Ashwin Mehta — Sun, 31 May 2026 14:19:30 +0000

Ashwin Mehta

May 31

Google's Agentic Leap: How Gemini Turned Workspace Into Your Autonomous Executive Assistant

#ai #googlecloud #gemini #agentaichallenge

3 min read

Google's Agentic Leap: How Gemini Turned Workspace Into Your Autonomous Executive Assistant

Ashwin Mehta — Sun, 31 May 2026 14:13:55 +0000

Imagine opening your laptop, typing a single sentence, and watching your AI assistant pull up a photo from last summer, draft a follow-up email to your professor based on that photo's context, and organize the relevant syllabus files from your Drive—all in seconds, without you clicking through a single tab.

This isn't a future roadmap. It is the Agentic Era of personal computing, and Google just quietly moved everyone into it.

By deeply embedding Gemini into Gmail, Google Drive, and Google Photos, Google has evolved from a standard search-and-retrieval ecosystem into a proactive, connected network of AI agents. Here is a breakdown of how this shift changes everything, and exactly how you can use it right now.

From "Search Box" to "Action Agent"
For decades, using Google tools meant doing the heavy lifting yourself. If you needed to find a specific document, you opened Drive, guessed the keywords, found the file, copied the text, opened Gmail, and pasted it in.

In the agentic era, Gemini handles the coordination. Because it has secure, cross-app access to your digital footprint, it acts as a central brain that can read context, find information across fragmented silos, and execute multi-step tasks on your behalf.

1. Google Photos: Natural Language Visual Search
Instead of scrolling endlessly through thousands of images to find a receipt, a certificate, or a specific memory, Gemini treats your photo gallery like an indexable database. You can ask it to isolate images based on highly specific, contextual descriptions, bypassing traditional metadata tags entirely.

2. Gmail: The Auto-Drafting Inbox
Gemini doesn't just suggest quick replies anymore. It acts as an email concierge. It can analyze massive email threads, synthesize the core action items, and draft complex, formal responses or follow-ups that match the required tone—saving you the friction of starting from a blank page.

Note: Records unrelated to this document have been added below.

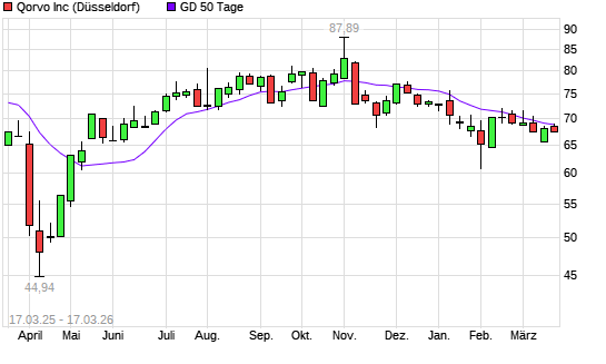 Mit dem Rücksetzer auf 67,68 EUR hat die Qorvo-Aktie am 16.03.2026 die 50-Tage-Linie nach unten gekreuzt.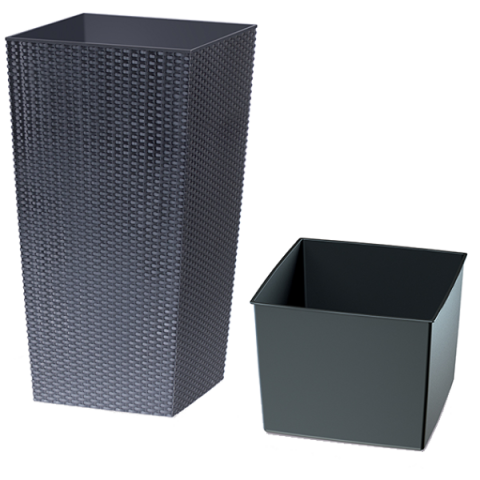 1 kép TERRACOTTA RATO SQUARE RATTAN VÁZA 32X61CM ÜLTETŐ BETÉTTEL SZÜRKE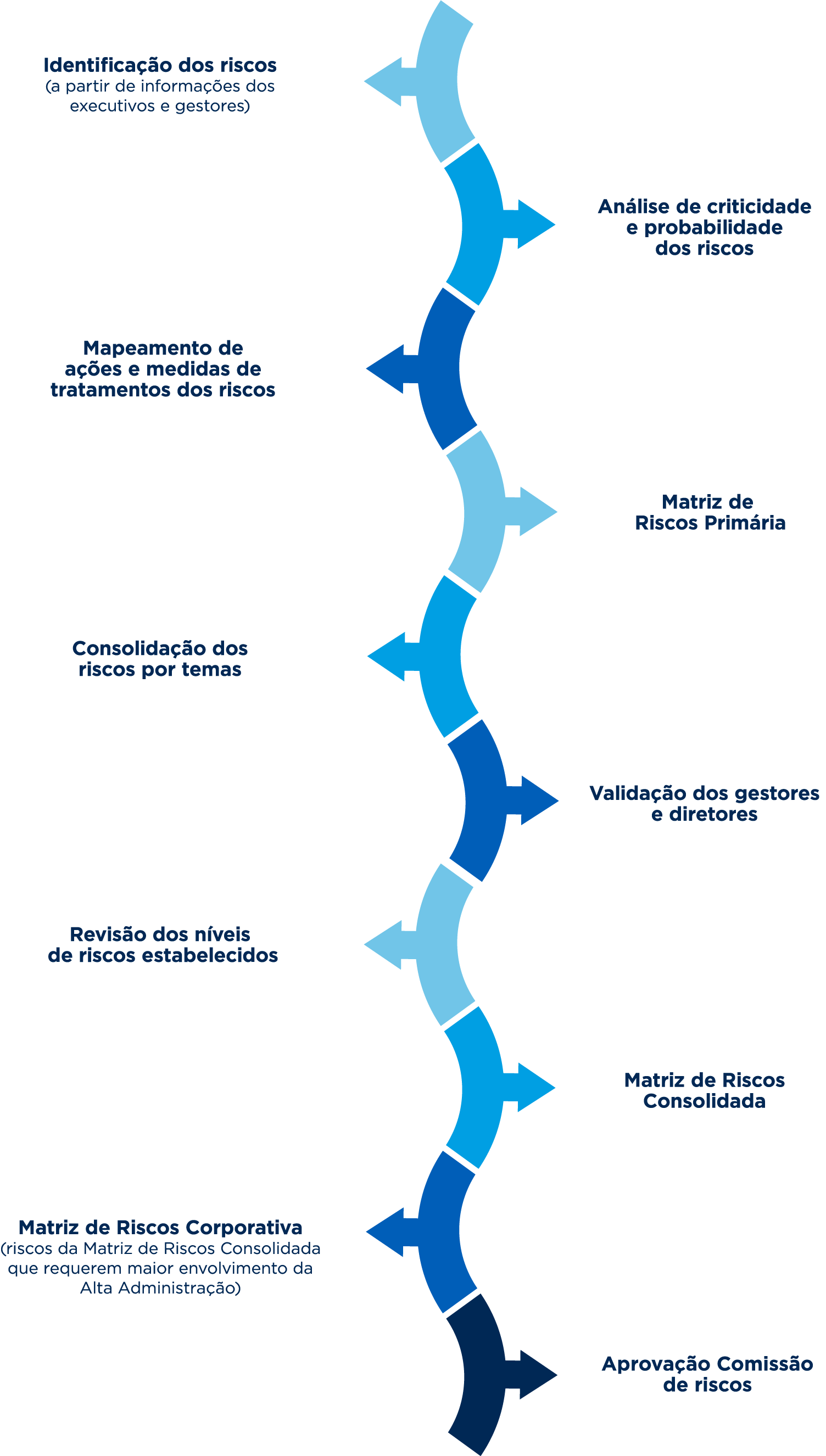 O ano de 2023 marca o alcance de maturidade e excelência na gestão de riscos em nossa Companhia, evidenciado pela participação ativa dos membros executivos no acompanhamento dos riscos, pelo envolvimento das diversas áreas que atuam na governança do processo e pela ampliação do alcance do processo de gestão de riscos em nossos negócios.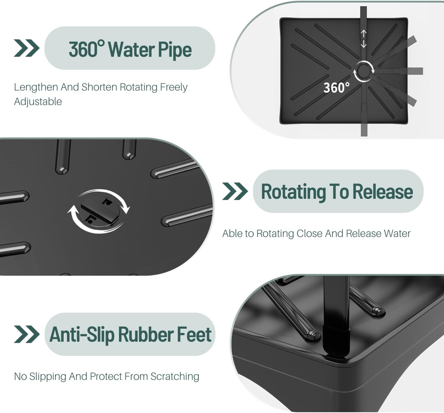 - BUILT-IN DRAINBOARD WITH SWIVEL SPOUT: Includes an auto-drain tray and 360° rotating spout to channel excess water directly into the sink, keeping your kitchen counter clean and dry at all times.

3. Google Drive: Instant Knowledge Synthesis
Hunting down PDFs, sheets, or slide decks is a massive time sink. Gemini can parse through your entire cloud storage instantly. You can ask it to compare data across two different documents, summarize a massive project proposal, or pull out specific system architectures from a presentation deck without ever opening the files.

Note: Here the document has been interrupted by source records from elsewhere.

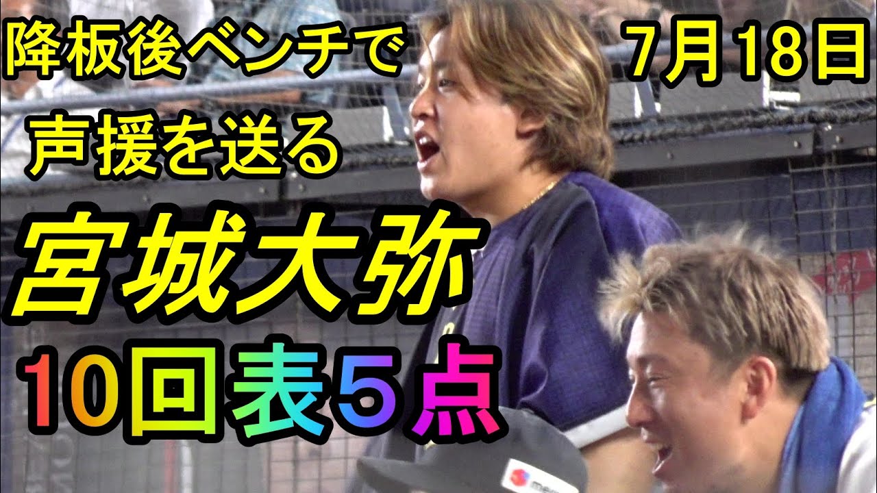 オリックス宮城大弥、降板後ベンチで応援、10回表一挙5点2025.7.18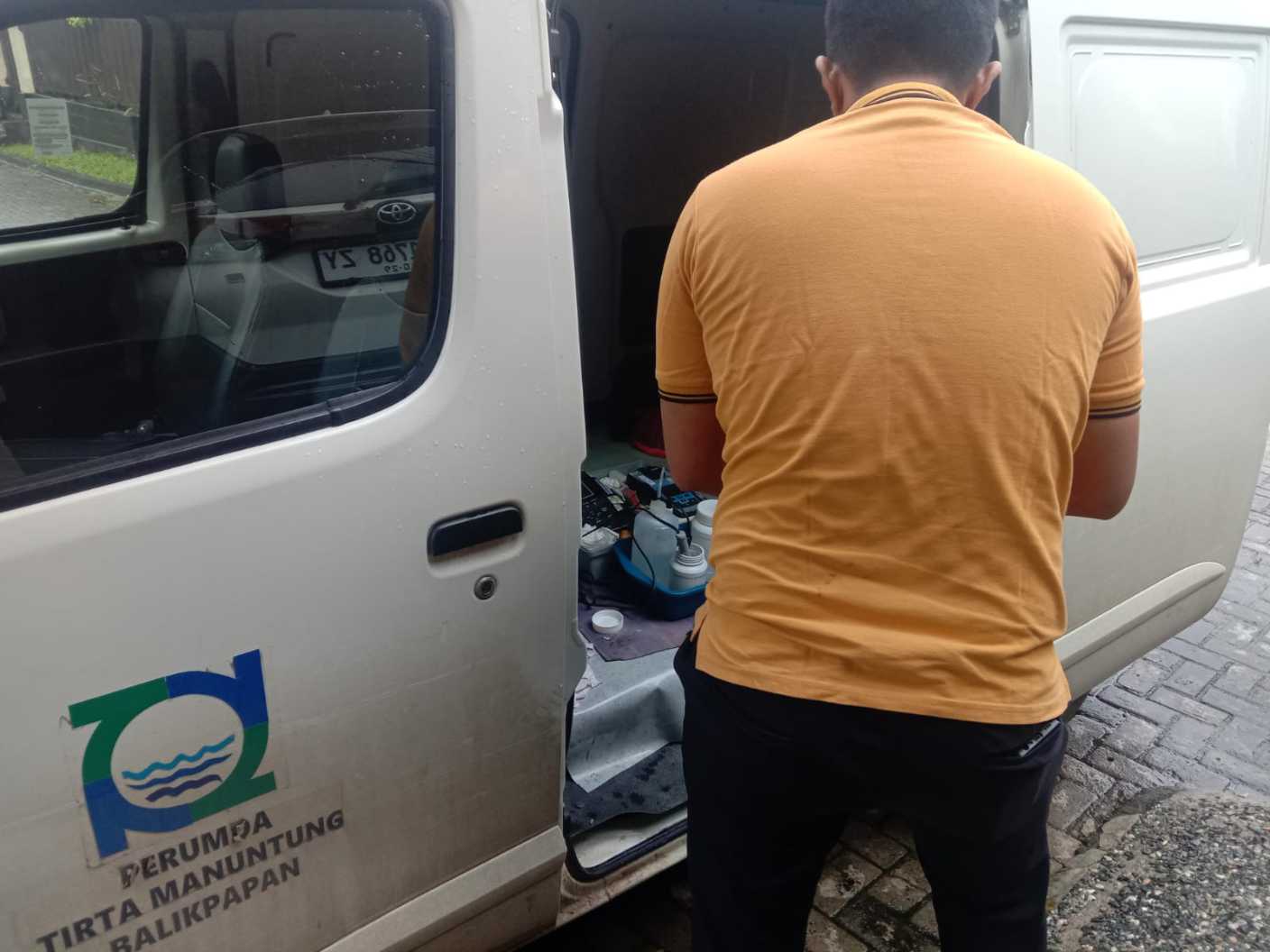 Petugas PDAM Tirta Manuntung saat memeriksa kualitas air PDAM di kawasan RT 15 Wika sebelum Ramadhan.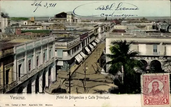 Ak Veracruz Mexiko, Hotel de Diligencias, Calle Principal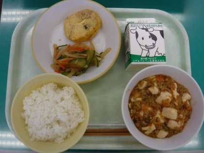 今日は、学校給食「中華ランチ」でした。マーボー豆腐には、豆腐、豚挽肉、干ししいたけ、たけのこ、にんじん、ねぎ、にんにく、しょうが等の食材がたっぷり入り、食感、風味ともによく、おいしくいただきました。
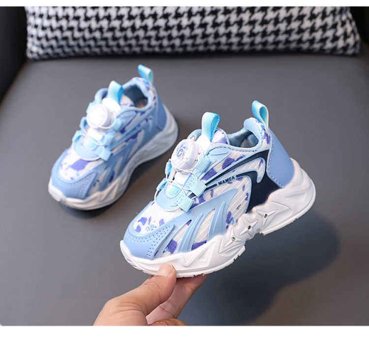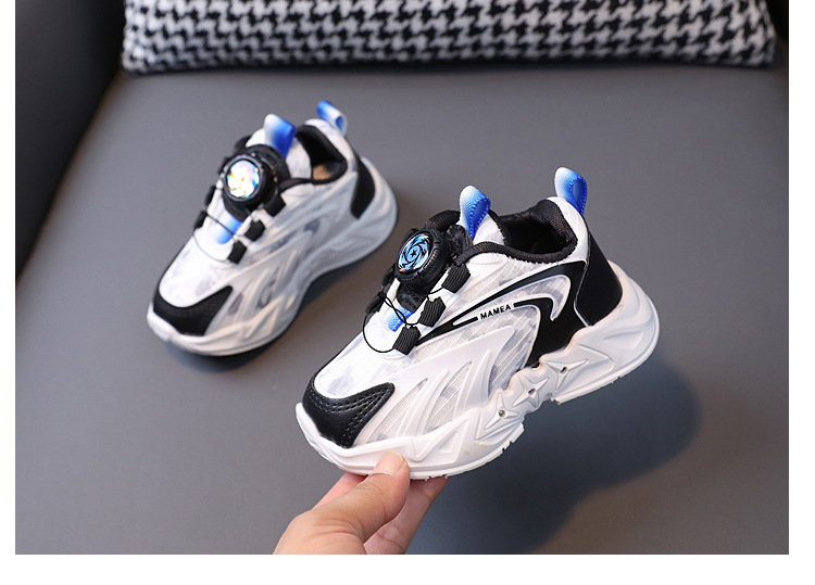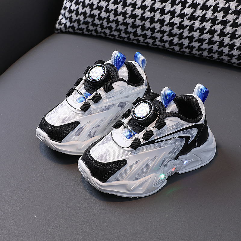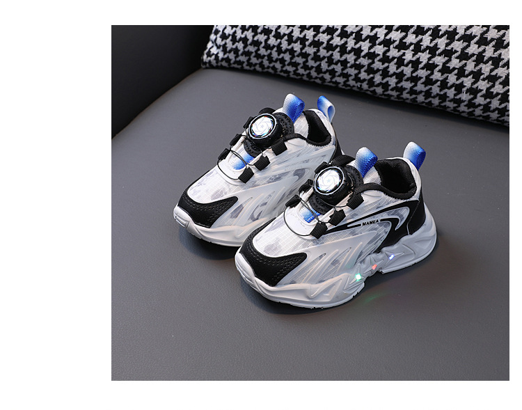 2023 봄과 가을 새로운 어린이 운동화 소년 소녀 통기성 메쉬 신발 어린이 회전 버클 운동화 번쩍이는 신발

How to Use Gemini’s Agentic Superpowers
To get the most out of this integrated ecosystem, you need to change how you talk to the AI. Instead of asking generic questions, give it action-oriented, cross-app commands.

Here are three powerful ways to use it today:

1. Cross-App Summarization & Outreach
The Prompt: "Look through my Google Drive for the latest project architecture document on 'AuraRAG'. Summarize the key methodology steps, and draft a formal email to my HOD updating them on the progress."

What happens: Gemini instantly queries your Drive, reads the technical details, condenses the data, and opens a perfectly formatted draft in Gmail ready for your review.

2. Visual Retrieval & Contextual Processing
**The Prompt: "Find my latest photo of the presentation whiteboard from campus on Google Photos, extract the text from the System Architecture section, and save it as a bulleted list in a new document."

What happens: It bridges the gap between your visual media and text processing, pulling the exact image you need and converting raw pixels into actionable text data.

3. Deep In-Inbox Research
The Prompt: "Search my Gmail for all confirmation emails regarding 'The Arcade' or 'Code Vipassana' programs from the last two months. Create a neat table summarizing my points earned and leaderboard positions."

What happens: Instead of opening multiple emails and manually copying numbers, Gemini crawls the specific sub-set of emails, parses the data points, and builds a clean Markdown table right in your chat interface.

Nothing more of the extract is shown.